Version: v2.x

Vectorize PostgreSQL Data

Introduction

If you're here, you're probably curious about how to vectorize your PostgreSQL data. In this document, we'll cover the basic concepts of vector databases, why you might want to vectorize your data, and how to do it.

Prefer to just get started?

If you'd rather not wait, and aren't particularly interested in the details, you can check out this repository that will allow you to connect a PostgreSQL database, vectorize it, and query it using Weaviate.

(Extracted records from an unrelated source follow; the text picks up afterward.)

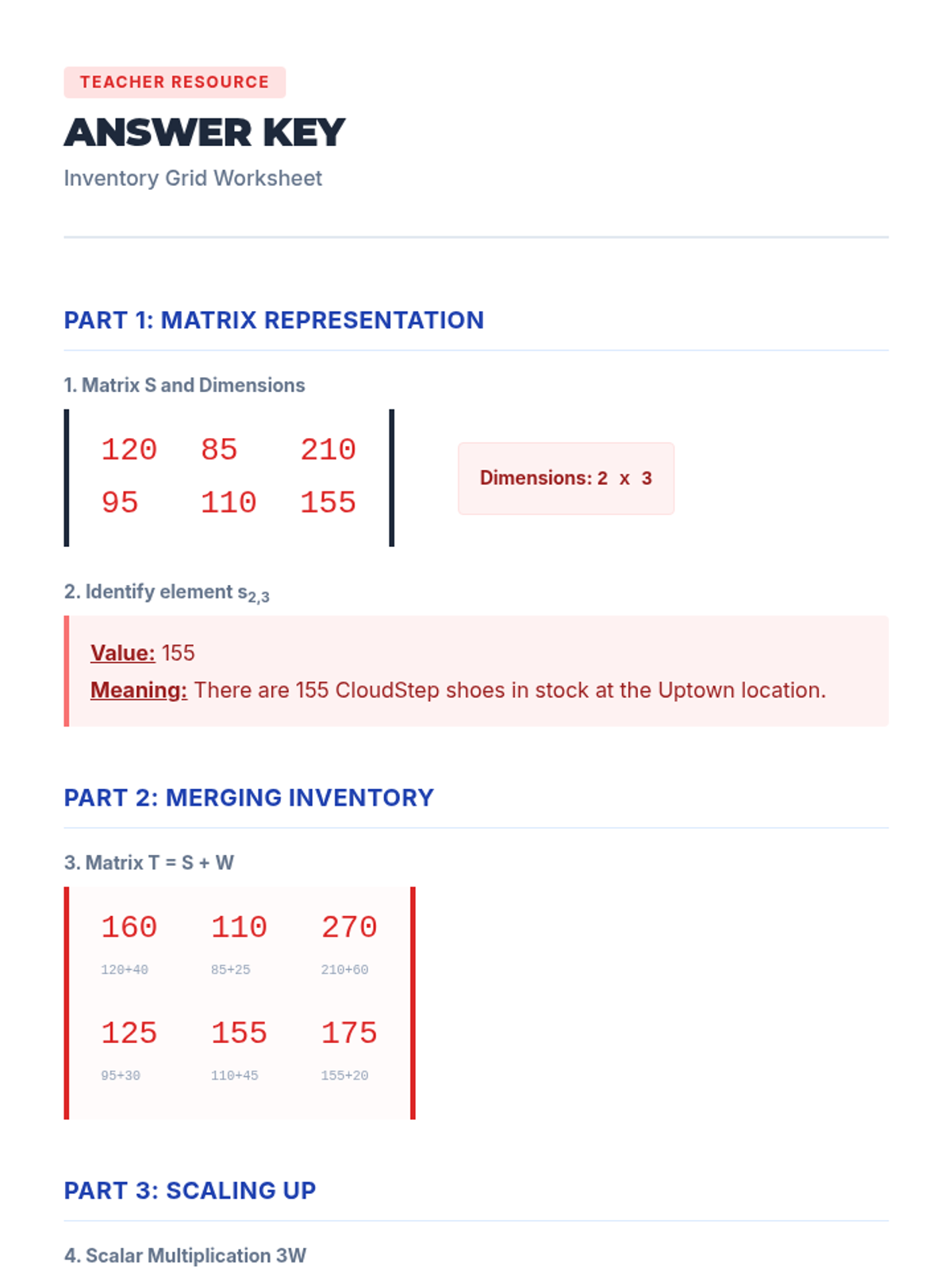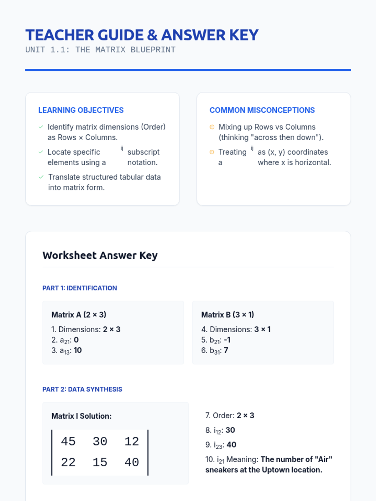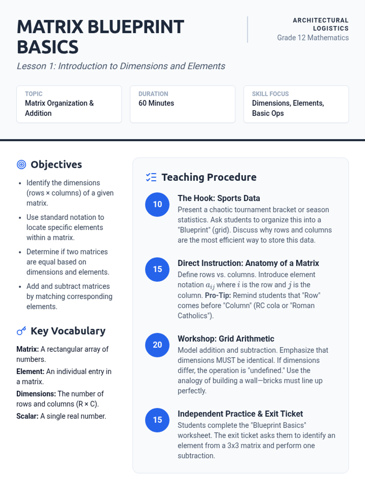 A comprehensive unit for 10th-grade students exploring matrix operations, from basic dimensions and notation to complex multiplication and real-world applications in inventory management.
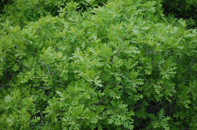 Roger's backyard. The house is on a steep slope and the backyard is filled with oak trees. The slope is so steep, you get to see the top of the trees from the patio. |
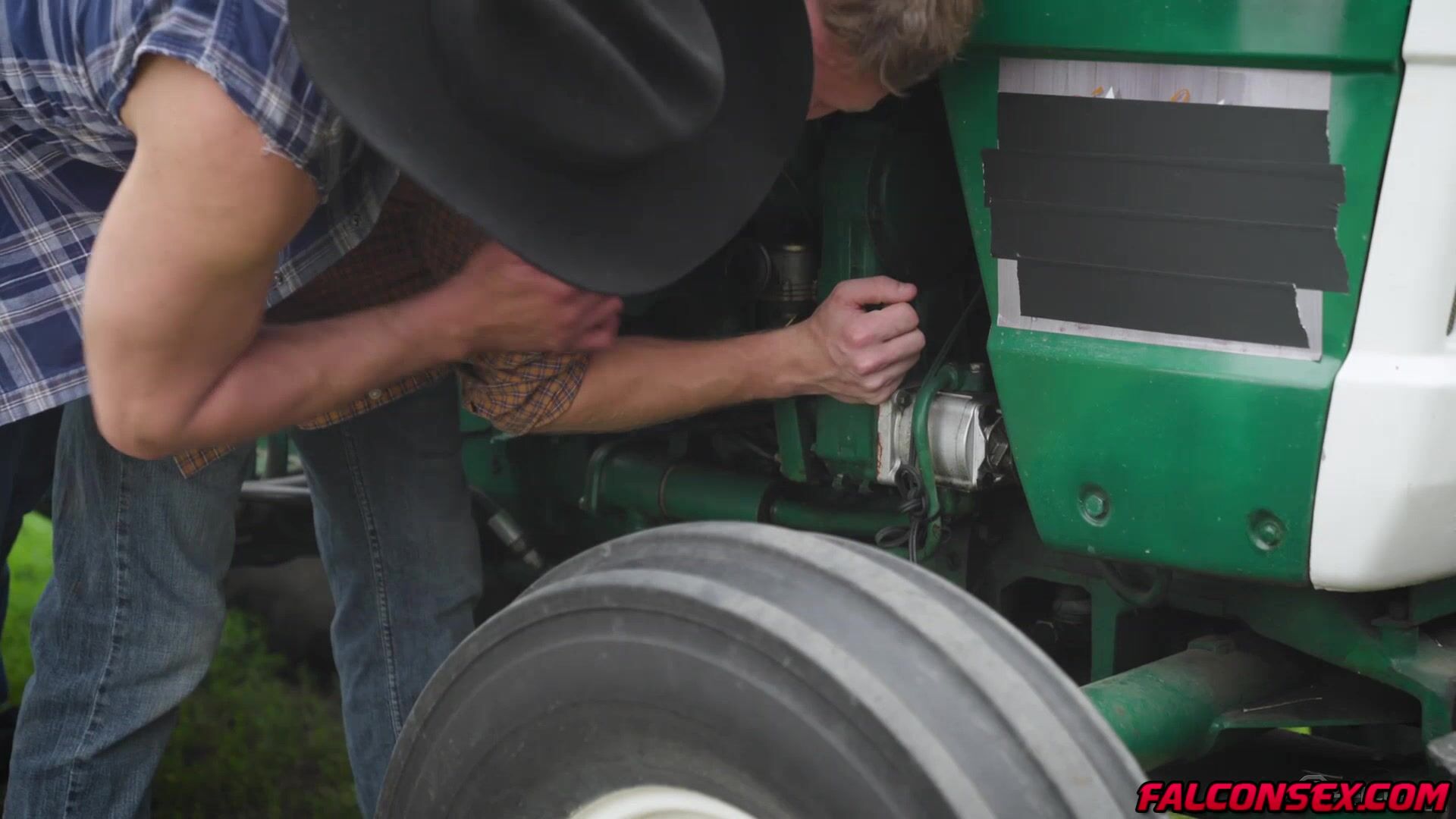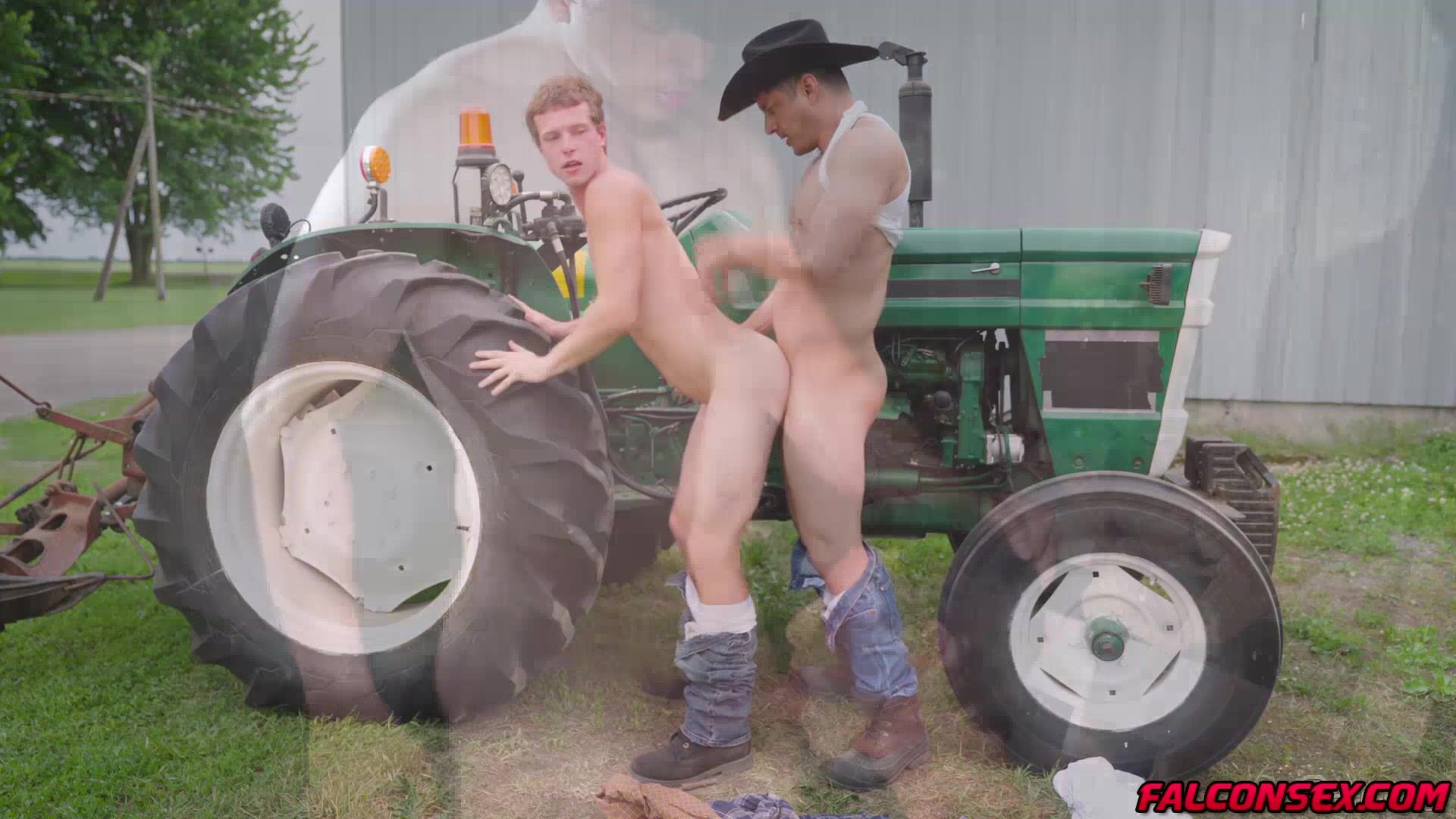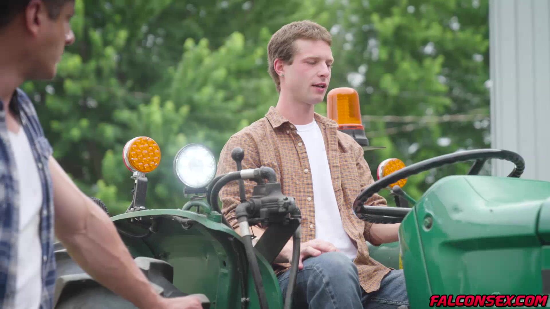 Rocky Vallarta just finished fixing Benjamin Blue's tractor and is now expecting some oral repayment. Rocky, leaning up against the tractor tire, grips Benjamin's head and toys with his hole as the twink bobs up and down on his meat to thank him for his hard work. Wanting more from his cock-hungry neighbor
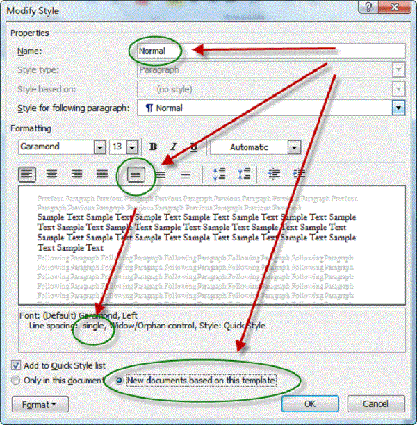 سپس خواهید دید که عنوان Normal است و فاصله بین خطوط روی حالت Single قرار داشته و گزینه New documents based on this template را انتخاب کرده و بعد OK را بزنید.
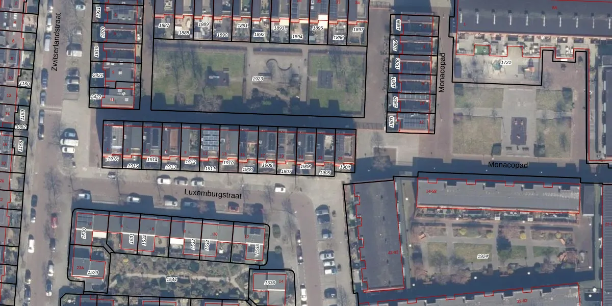 Het perceel waarop Luxemburgstraat 21 staat heeft een oppervlakte van 99 m². Dit is een klein perceel. De perceeloppervlakte wordt geregistreerd door het Kadaster. Gedetailleerde informatie over de maten van dit perceel kunt u vinden in het rapport Kadastrale kaart met maatvoering van Luxemburgstraat 21.
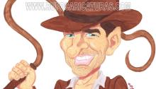 Caricatura de Harrison Ford como Indiana Jones. Acrílicos y rotuladores. El original de 30×40 cm está a la venta por 100 €.También disponibles reproducciones tamaño póster (30x40cm, 5€) y mini-prints (10x15cm, 3€) Info: rufocaricaturas@gmail.com
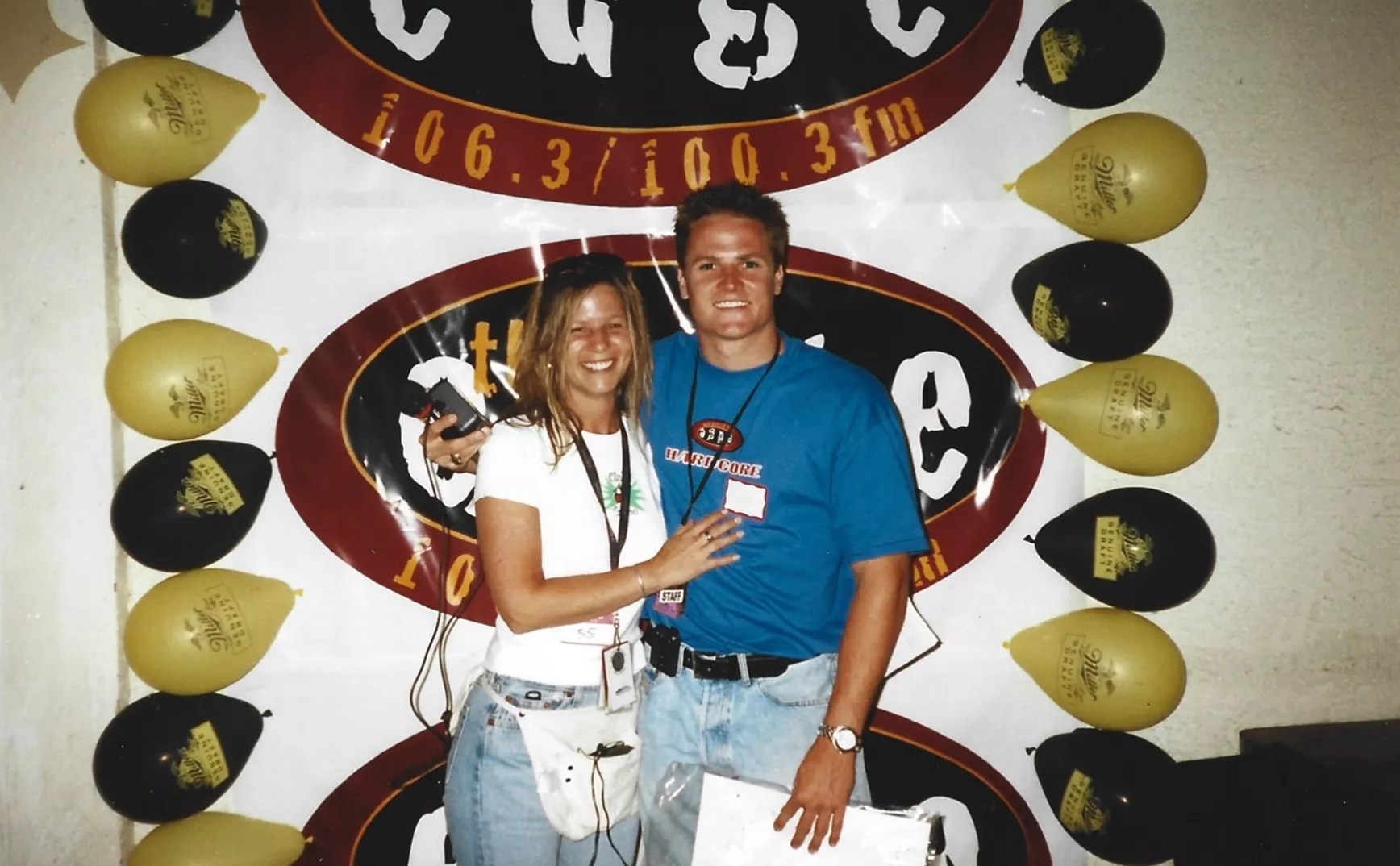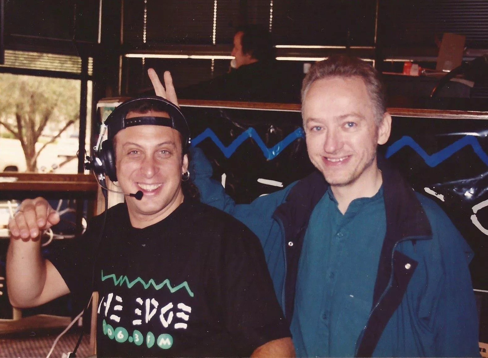 One of The Edge’s first morning jocks Willobee (left) in 1993 with the station’s then-program director, John “Edison” Clay.
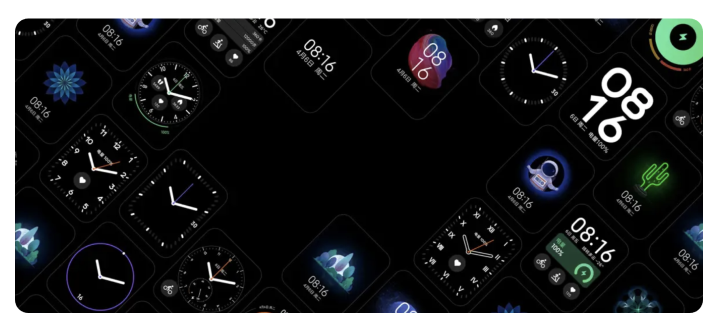 高飽和的熒光色則是 “點(diǎn)睛之筆”。比如小米智能手表的表盤,深灰色底色上用熒光橙做指針、熒光紫做功能圖標(biāo),在戶外強(qiáng)光下既能穿透光線,又不會(huì)像純白色那樣刺眼。但配色不能貪多,遵循

What are vector databases?

Vector databases are designed to efficiently store, manage, and query high-dimensional vectors. These vectors represent data points in a multi-dimensional space, where each dimension corresponds to a specific feature or attribute of the data. This differs from relational databases which store structured data in tables and rows.

A vector is just a list of numbers which represent data in a way that makes it easy for computers to compare and search through. In vector databases, instead of, or in addition to, storing traditional data like text or numbers, it also stores these vectors. Vectors can represent various things, like images or sounds. So, if you want to find something conceptually similar to a specific vector, a vector database can help you do that easily and quickly, where it would be quite difficult to do with a traditional relational database.

These multi-dimensional spaces that store vectors are called embeddings. Embeddings allow for vectors to be organized in a way that makes it easy to find similar vectors. You can think of these vectors as being organized where similar vectors are close together, and dissimilar vectors are far apart. This allows for fast and efficient querying of similar data points.

Why do we need to vectorize relational data?

There are a number of use cases for vectorizing relational data. However, the most popular use case is to enable integration with Large Language Models (LLMs), like ChatGPT. These models are trained on large amounts of text data, and are able to generate text that is similar to the text they were trained on.

In order for our data to be used by these models, we need to convert it into a vector representation. This is called vectorization. Once our data is vectorized, we can use it with these models to provide more context and generate more accurate results.

These results can improve the user experience of your application. For example, if you're building a recommendation system for podcasts, you can use the vectorized representation of the episode a user is currently listening to, and recommend similar episodes or podcasts.

Guide

In the steps below, we'll look at the technique for vectorizing PostgreSQL data. There are different platform-specific libraries and tools for vectorizing data, but we'll be using Weaviate for this guide. Weaviate is an open-source vector database that allows you to vectorize your data and query it using GraphQL. You can connect Weaviate to Hasura using our Weaviate connector.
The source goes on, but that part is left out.